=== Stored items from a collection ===
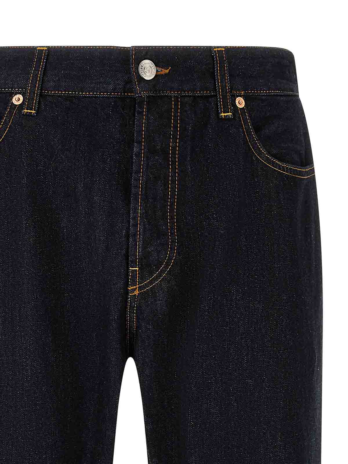 13 1/4オンスノンストレッチコットンデニム「ボウル」ジーンズ、コントラストステッチ、ワイドストレートレッグ、ミディアムウエスト、フロントボタンクロージャー、ポケット5つ、バックロゴタグ。
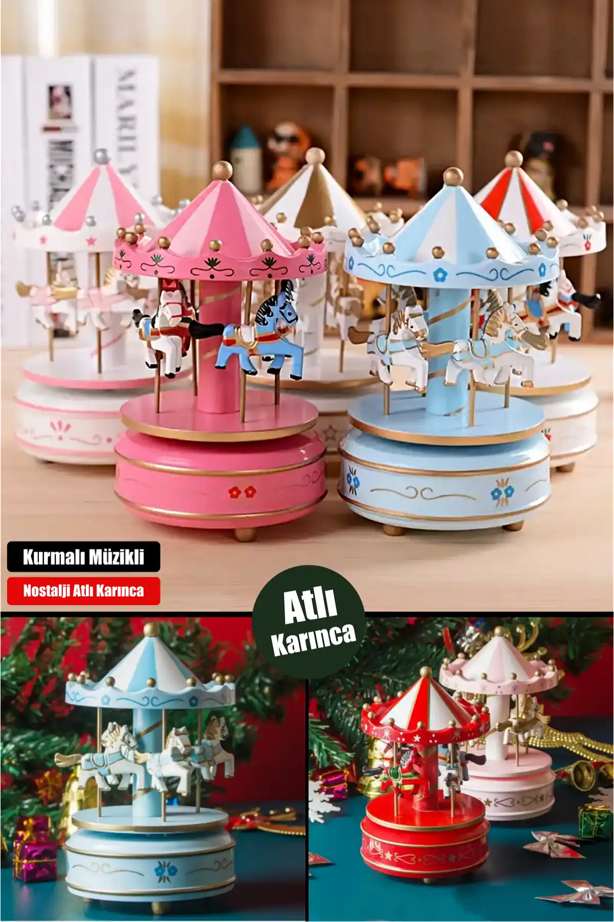 • Atlı Karınca Müzik Kutusu Nostaljik Döner Renkli Atlı Karınca Hediyelik Eşya Kurmalı Müzik Kutusu
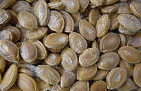 ■蒔きどき-4月下旬〜(5/3) ■2003年の12月に岐阜県瑞浪市にある『WEEK END 百姓学校 2002.9.21〜22』を愛知県常滑市の『自然農を楽しむ会』が交流訪問したときの記念に贈られた1個から種を採り、10粒くらいづつに分けてもらったもの。 ■勝手に「ヘチマカボチャ」と呼んでいたら後日、「スオウカボチャ」と教えていただいたが、インターネットで調べても出てこない。後日、「岐阜県丹生川村の特産『宿儺(スクナ)カボチャ』と判明。 ・常滑でも長さが約40センチくらいで、色もよく、味は美味しく大好評のものができたとのこと。 ・静岡のF様より栽培のポイントなど⇒宿儺(すくな)カボチャの元肥は、牛糞+堆肥で、土の改良剤として「籾殻+米ぬか」。苗の植付けのさいに、少量の化成肥料を根元に土に混ぜる。実が成り始めたら、根元の周りの土に有機質配合肥料(油粕+魚粉などが含まれた)物を混ぜてやると、甘味が増し味が良くなる。他の野菜でも同様です。試して見て下さい、との情報あり。 ■百姓学校由来のものは無くなりましたが、市内で買ったものから種を採取 |
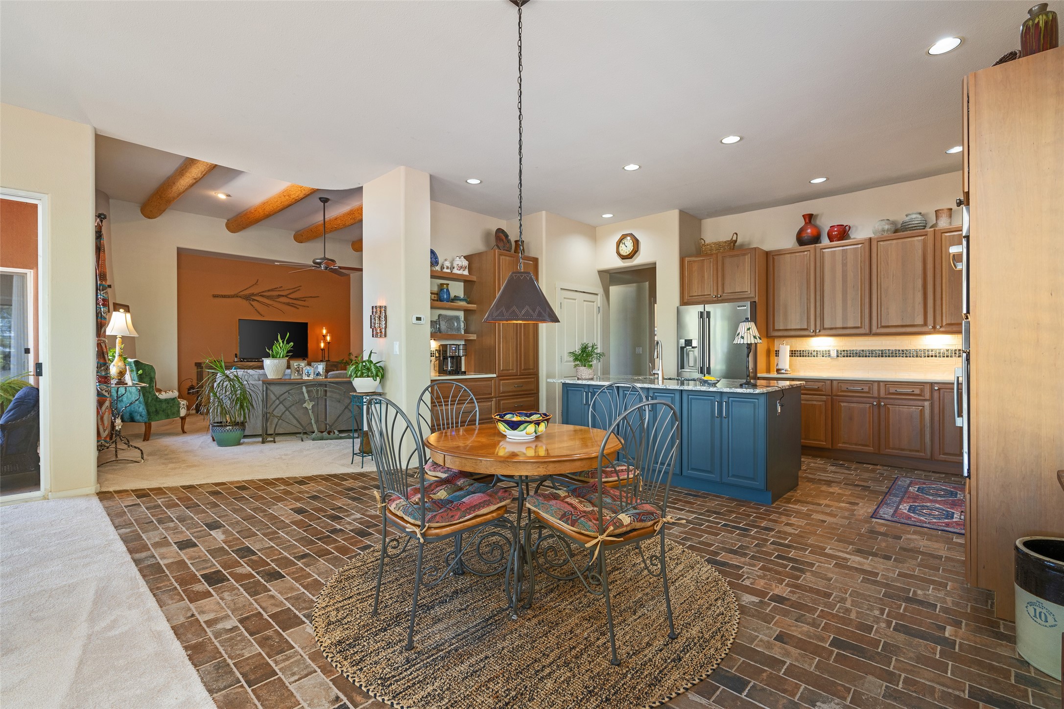 Welcome to this exceptional home, perfectly sited on a spacious lot at the end of a quiet cul-de-sac, with open space on two sides and gorgeous sunset views. Enjoy evenings by the outdoor fireplace as the sky puts on its nightly show. Thoughtfully updated by its current owners, this property offers tremendous value in today's market. With five full bedrooms, (two of which are currently used as an ensuite office and studio) and four full baths, the home provides remarkable flexibility for every lifestyle. The heart of the home is the magnificently remodeled chef's kitchen--an absolute showstopper. Bosch appliances, beautiful two-tone cabinetry, subway tile with mosaic accents, hand-punched tin details, brick-set tile flooring, and a mix of granite and quartz countertops come together in a space any cook will adore. The dining room is inviting and generous, designed to host family gatherings and memorable evenings with friends. The living area offers vigas overhead, a wood-burning fireplace, and warm natural light--a perfect space for cozy winter days. The primary suite is a private retreat: spacious, serene, and complete with a beautifully updated bath with customized walk-in shower, dual hammered nickel sinks and lighting, and an excellent walk-in closet. It's a haven for mornings that start slow and evenings that wind down in comfort. Additional upgrades made during this owner's tenure include a new boiler and evaporative cooler, new carpeting, fresh interior paint, new ceiling fans and custom lighting, plus plantation shutters throughout--both beautiful and energy-efficient. Exterior wise, the stucco was also recently replaced and refreshed and the rear yard has been enhanced with new rock landscaping, pathways, and fruit trees, creating a peaceful outdoor escape. The slightly oversized garage is another welcome bonus with additional storage shelves. Located in the desirable Village at Rancho Viejo, this community offers miles of paved walking trails, multiple parks, sensible covenants, friendly neighbors, and convenient access to shopping and restaurants. Roughly 12 miles to the Santa Fe Plaza, this fantastic home delivers!
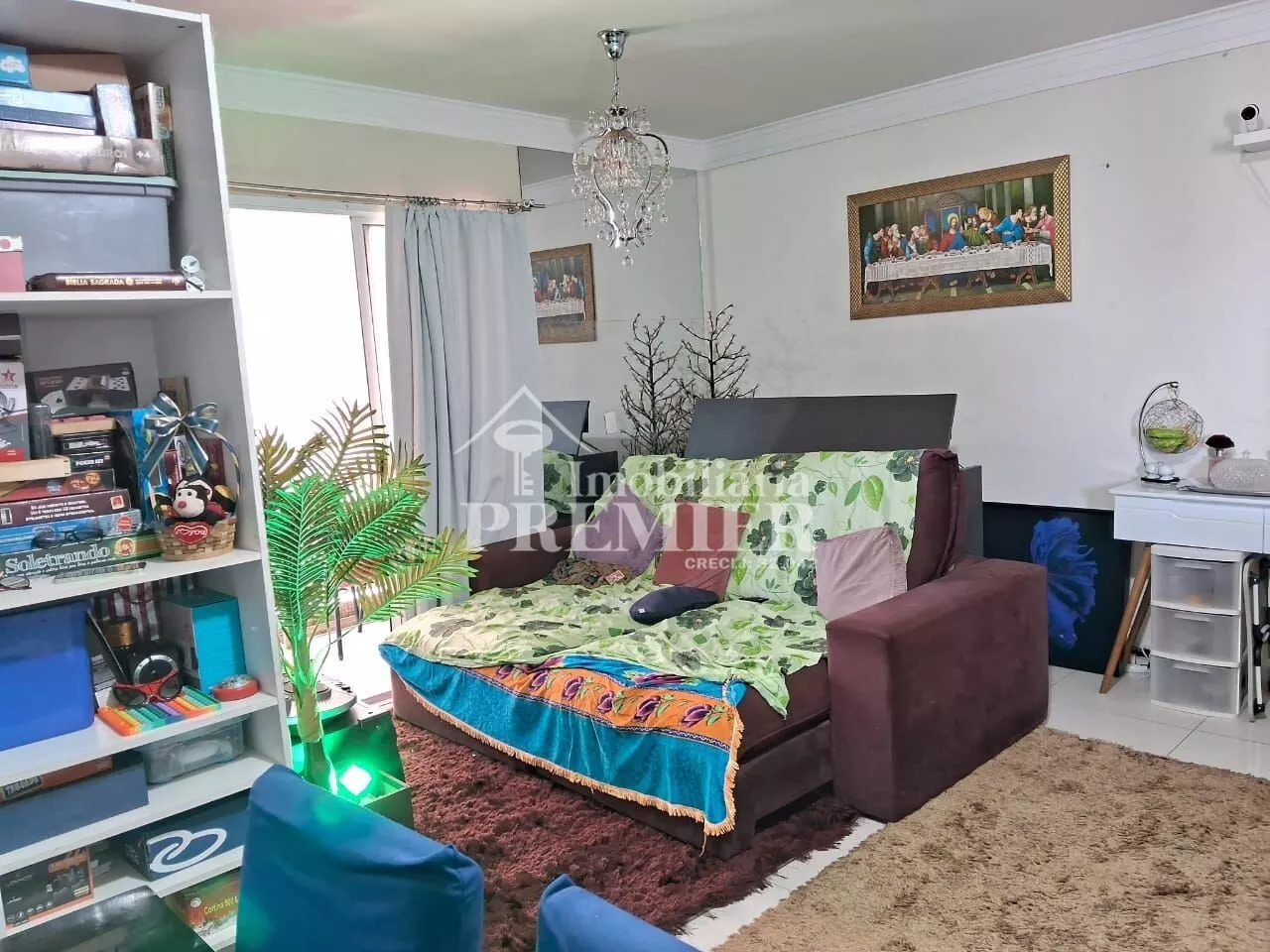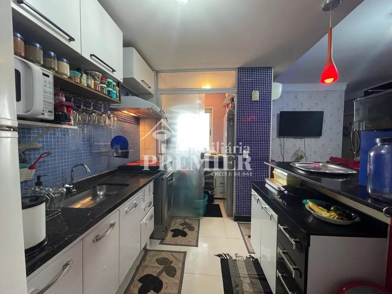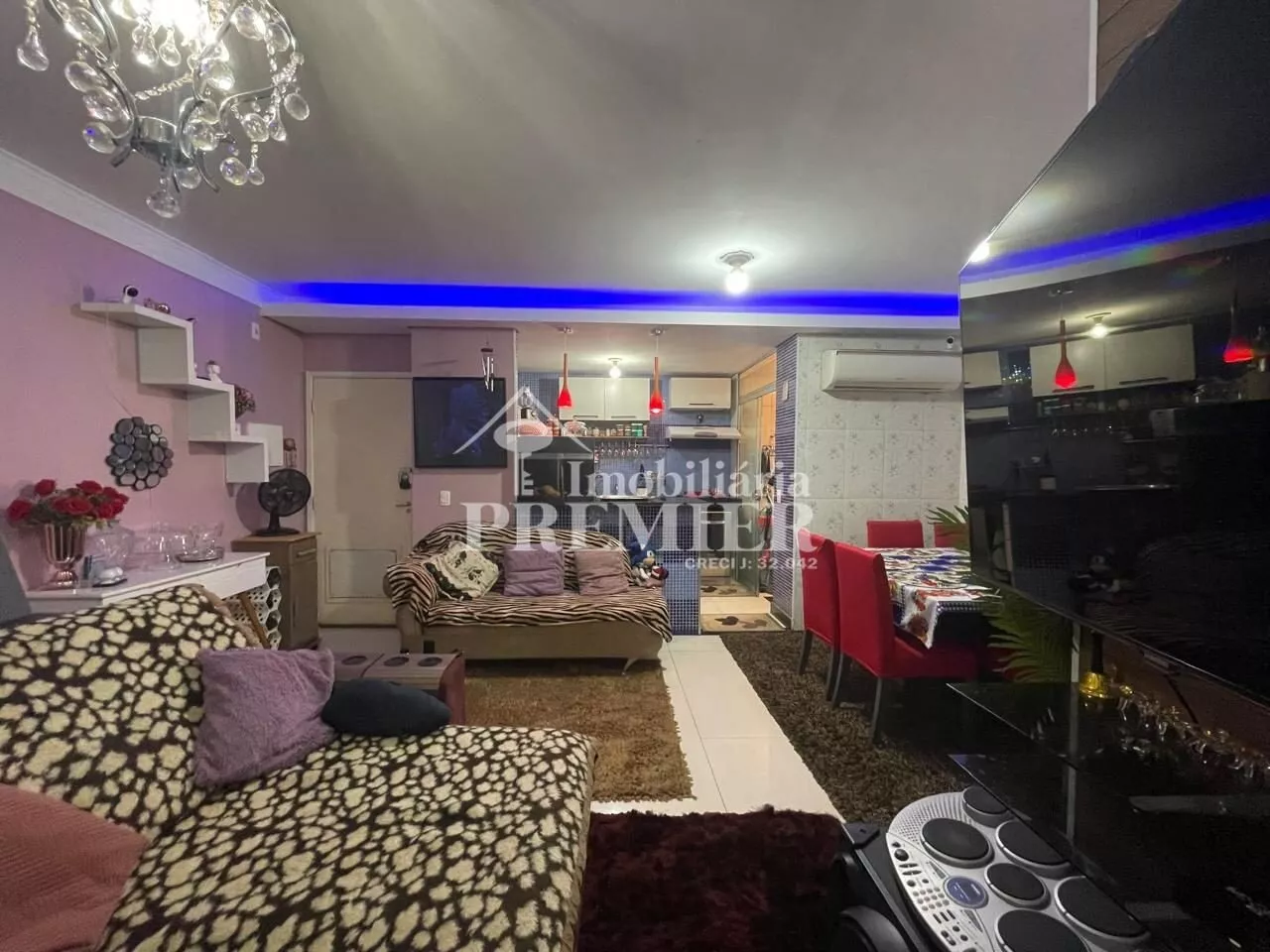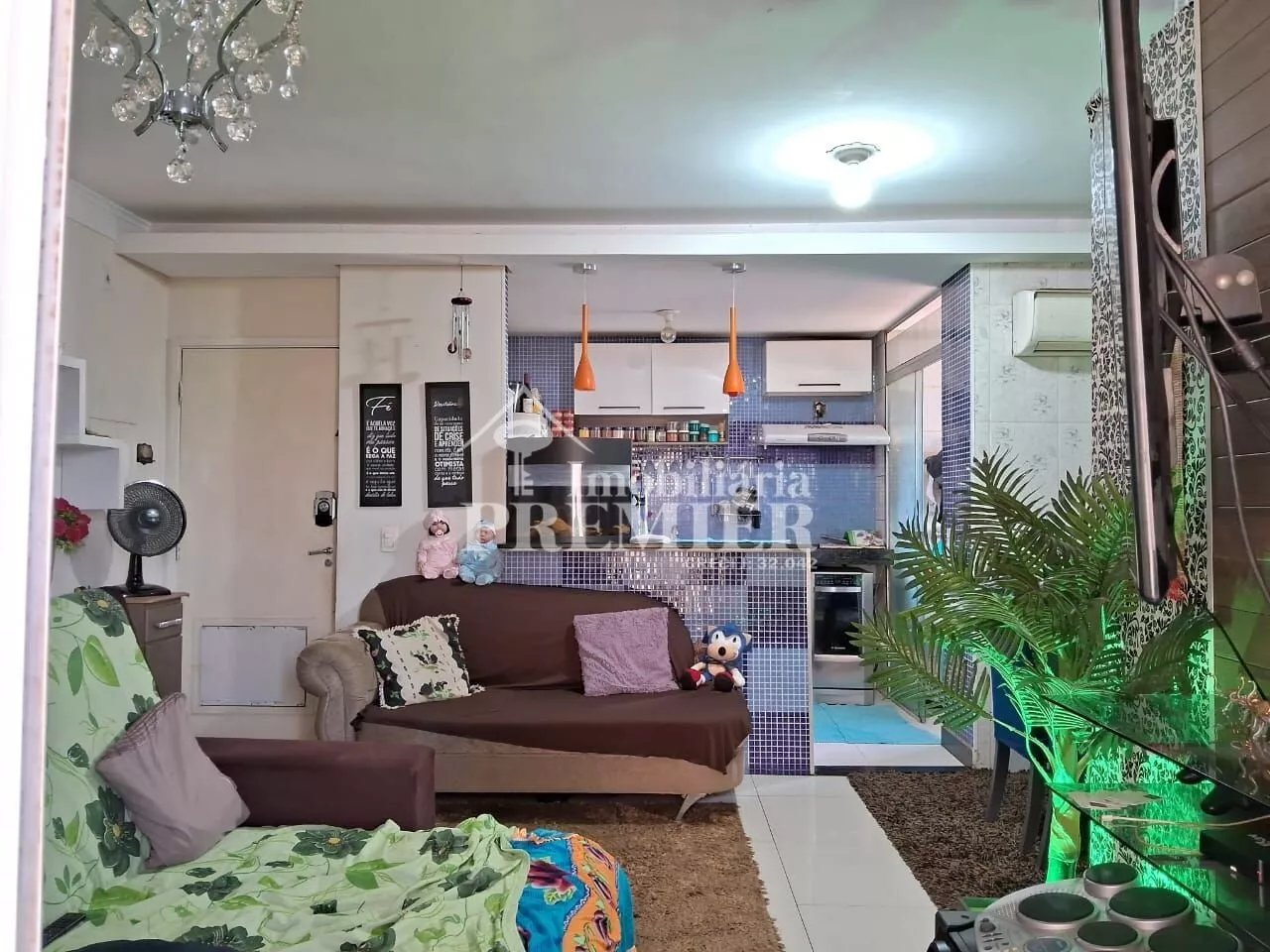 - 01 Sala com porta para sacada, com churrasqueira, pia e toldo;

=== EXERCISE AIM ===
The entries above are to be reproduced exactly, with the pictures dropped.

=== THE COMPLETED TASK ===
 13 1/4オンスノンストレッチコットンデニム「ボウル」ジーンズ、コントラストステッチ、ワイドストレートレッグ、ミディアムウエスト、フロントボタンクロージャー、ポケット5つ、バックロゴタグ。
 • Atlı Karınca Müzik Kutusu Nostaljik Döner Renkli Atlı Karınca Hediyelik Eşya Kurmalı Müzik Kutusu
 ■蒔きどき-4月下旬〜(5/3) ■2003年の12月に岐阜県瑞浪市にある『WEEK END 百姓学校 2002.9.21〜22』を愛知県常滑市の『自然農を楽しむ会』が交流訪問したときの記念に贈られた1個から種を採り、10粒くらいづつに分けてもらったもの。 ■勝手に「ヘチマカボチャ」と呼んでいたら後日、「スオウカボチャ」と教えていただいたが、インターネットで調べても出てこない。後日、「岐阜県丹生川村の特産『宿儺(スクナ)カボチャ』と判明。 ・常滑でも長さが約40センチくらいで、色もよく、味は美味しく大好評のものができたとのこと。 ・静岡のF様より栽培のポイントなど⇒宿儺(すくな)カボチャの元肥は、牛糞+堆肥で、土の改良剤として「籾殻+米ぬか」。苗の植付けのさいに、少量の化成肥料を根元に土に混ぜる。実が成り始めたら、根元の周りの土に有機質配合肥料(油粕+魚粉などが含まれた)物を混ぜてやると、甘味が増し味が良くなる。他の野菜でも同様です。試して見て下さい、との情報あり。 ■百姓学校由来のものは無くなりましたが、市内で買ったものから種を採取 |
 Welcome to this exceptional home, perfectly sited on a spacious lot at the end of a quiet cul-de-sac, with open space on two sides and gorgeous sunset views. Enjoy evenings by the outdoor fireplace as the sky puts on its nightly show. Thoughtfully updated by its current owners, this property offers tremendous value in today's market. With five full bedrooms, (two of which are currently used as an ensuite office and studio) and four full baths, the home provides remarkable flexibility for every lifestyle. The heart of the home is the magnificently remodeled chef's kitchen--an absolute showstopper. Bosch appliances, beautiful two-tone cabinetry, subway tile with mosaic accents, hand-punched tin details, brick-set tile flooring, and a mix of granite and quartz countertops come together in a space any cook will adore. The dining room is inviting and generous, designed to host family gatherings and memorable evenings with friends. The living area offers vigas overhead, a wood-burning fireplace, and warm natural light--a perfect space for cozy winter days. The primary suite is a private retreat: spacious, serene, and complete with a beautifully updated bath with customized walk-in shower, dual hammered nickel sinks and lighting, and an excellent walk-in closet. It's a haven for mornings that start slow and evenings that wind down in comfort. Additional upgrades made during this owner's tenure include a new boiler and evaporative cooler, new carpeting, fresh interior paint, new ceiling fans and custom lighting, plus plantation shutters throughout--both beautiful and energy-efficient. Exterior wise, the stucco was also recently replaced and refreshed and the rear yard has been enhanced with new rock landscaping, pathways, and fruit trees, creating a peaceful outdoor escape. The slightly oversized garage is another welcome bonus with additional storage shelves. Located in the desirable Village at Rancho Viejo, this community offers miles of paved walking trails, multiple parks, sensible covenants, friendly neighbors, and convenient access to shopping and restaurants. Roughly 12 miles to the Santa Fe Plaza, this fantastic home delivers!
 - 01 Sala com porta para sacada, com churrasqueira, pia e toldo;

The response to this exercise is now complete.